Im Vorversuch konnte mit einer eingesetzten Zellsuspension (OD600 = 0,8; Zelltrockenmasse ca. 0,4–0,5 mg/mL) nach 20 Tagen eine Stoffmenge von 260 µmol Reaktionsprodukt nach Zugabe von 308 µmol Substrat erreicht werden, was einer Ausbeute von ca. 85% entspricht. Nach 60 Tagen entsprach die Stoffmenge der gebildeten Phenylessigsäure ca. 670 µmol nach Zugabe von 750 µmol Substrat (Ausbeute >85%). Binnen 120 Tagen konnten 1260 µmol Reaktionsprodukt aus 1390 µmol Substrat umgesetzt werden, was einer Ausbeute von bis zu 90% entspricht. Die erreichte Konzentration betrug dabei 8,4 mM. Der Verlauf der Transformation ist in 4 dargestellt. Die sich langsam einstellende Divergenz zwischen gefüttertem Substrat und gebildetem Produkt ist auf eine Inaktivierung des Ganzzellkatalysators zurückzuführen, allerdings über den gesamten Beobachtungszeitraum nur schwach ausgeprägt. In the preliminary experiment, with a cell suspension used (OD 600 = 0.8, cell dry matter approx. 0.4-0.5 mg / ml), after 20 days, a molar amount of 260 μmol of reaction product could be achieved after addition of 308 μmol of substrate, resulting in a yield of about 85%. After 60 days, the amount of phenylacetic acid formed corresponded to about 670 .mu.mol after addition of 750 .mu.mol substrate (yield> 85%). Within 120 days, 1260 .mu.mol reaction product of 1390 .mu.mol substrate were reacted, which corresponds to a yield of up to 90%. The achieved concentration was 8.4 mM. The course of the transformation is in 4 shown. The slow divergence between the fed substrate and the formed product is due to inactivation of the whole-cell catalyst, but weak over the entire observation period.

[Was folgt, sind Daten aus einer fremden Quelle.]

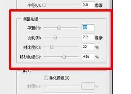 6、主要是将边缘调整得更加平滑,进行下羽化。如图,在图片中中圈住的调整边缘设置内,进行合适的调整,这个没有一个固定的值,觉得图片调整的很细腻了,就进行确认保存。

Beispiel 4 – Stereoselektiver Umsatz von 4-Chlor-α-methylstyrol mit Pseudomonas fluorescens STExample 4 - Stereoselective conversion of 4-chloro-α-methylstyrene with Pseudomonas fluorescens ST

Kultivierung und Gewinnung eines Typs an Ganzzellkatalysatoren erfolgte wie in Ausführungsbeispiel 3 angegeben. Nach Induktion der Biomasse mit Styrol über die Gasphase wurde nachfolgend über einen Zeitraum von einigen Tagen neben ca. 17 µmol Styrol (als Energiequelle und Induktor) das Substrat 4-Chlor-α-methylstyrol in Portionsgrößen von 20–40 µmol über die Gasphase zugegeben. Das Reaktionsprodukt 4-Chlor-α-methylphenylessigsäure konnte im Kulturmedium nachgewiesen werden.Cultivation and recovery of a type of whole-cell catalysts were carried out as indicated in Example 3. After induction of the biomass with styrene over the gas phase, the substrate 4-chloro-α-methylstyrene in portion sizes of 20-40 .mu.mol was added via the gas phase over a period of several days in addition to about 17 .mu.mol of styrene (as energy source and inductor). The reaction product 4-chloro-α-methylphenylacetic acid could be detected in the culture medium.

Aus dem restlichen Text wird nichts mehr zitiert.